Locus standi (Latin: tempat untuk berdiri) adalah doktrin hukum acara yang mensyaratkan pihak yang mengajukan gugatan atau permohonan ke pengadilan harus memiliki kepentingan hukum yang sah dan langsung atas perkara yang disengketakan. Tanpa locus standi, gugatan atau permohonan akan dinyatakan tidak dapat diterima (niet ontvankelijk verklaard) tanpa pemeriksaan pokok perkara.

Dalam pengujian undang-undang di Mahkamah Konstitusi, pemohon harus membuktikan bahwa undang-undang yang diuji telah merugikan hak konstitusional pemohon secara nyata dan spesifik, bukan hanya potensi kerugian hipotetis.

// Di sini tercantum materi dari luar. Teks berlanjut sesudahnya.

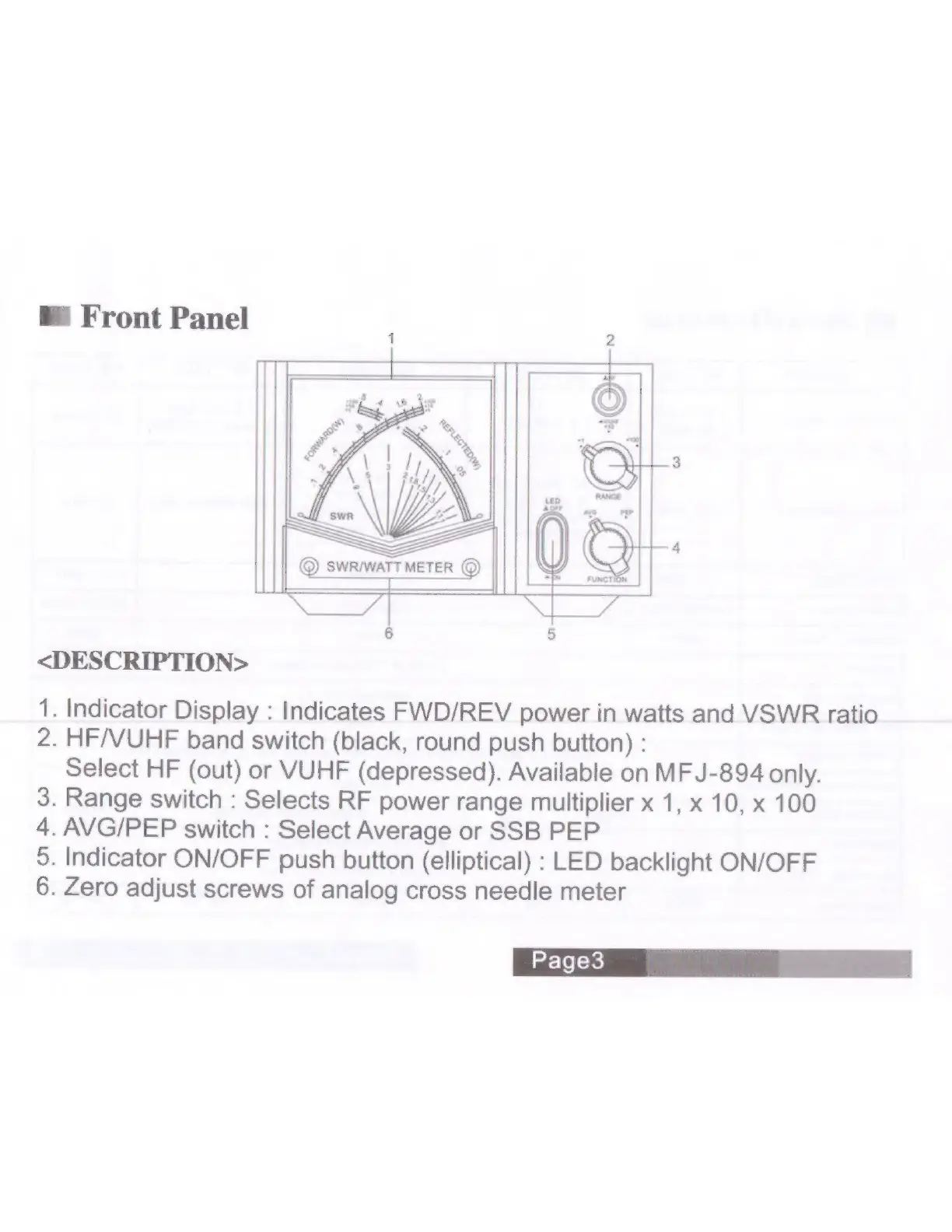MFJ MFJ-891 - Front Panel Overview; Indicator Display; HF;VUHF Band Switch; Range Switch

MK telah mengembangkan kriteria locus standi yang cukup komprehensif melalui yurisprudensi, memungkinkan tidak hanya individu tetapi juga badan hukum, lembaga negara, dan bahkan pemerintah daerah untuk menjadi pemohon pengujian undang-undang.

Dalam konteks praperadilan perkara korupsi, locus standi pemohon praperadilan harus diperiksa: hanya tersangka, terdakwa, atau pihak ketiga yang berkepentingan yang dapat mengajukan praperadilan. Tuntutan praperadilan yang diajukan oleh pihak yang tidak memiliki locus standi akan ditolak secara in limine. Advokat wajib memastikan kliennya memiliki dasar locus standi yang kuat sebelum mengajukan praperadilan agar tidak terbuang sia-sia.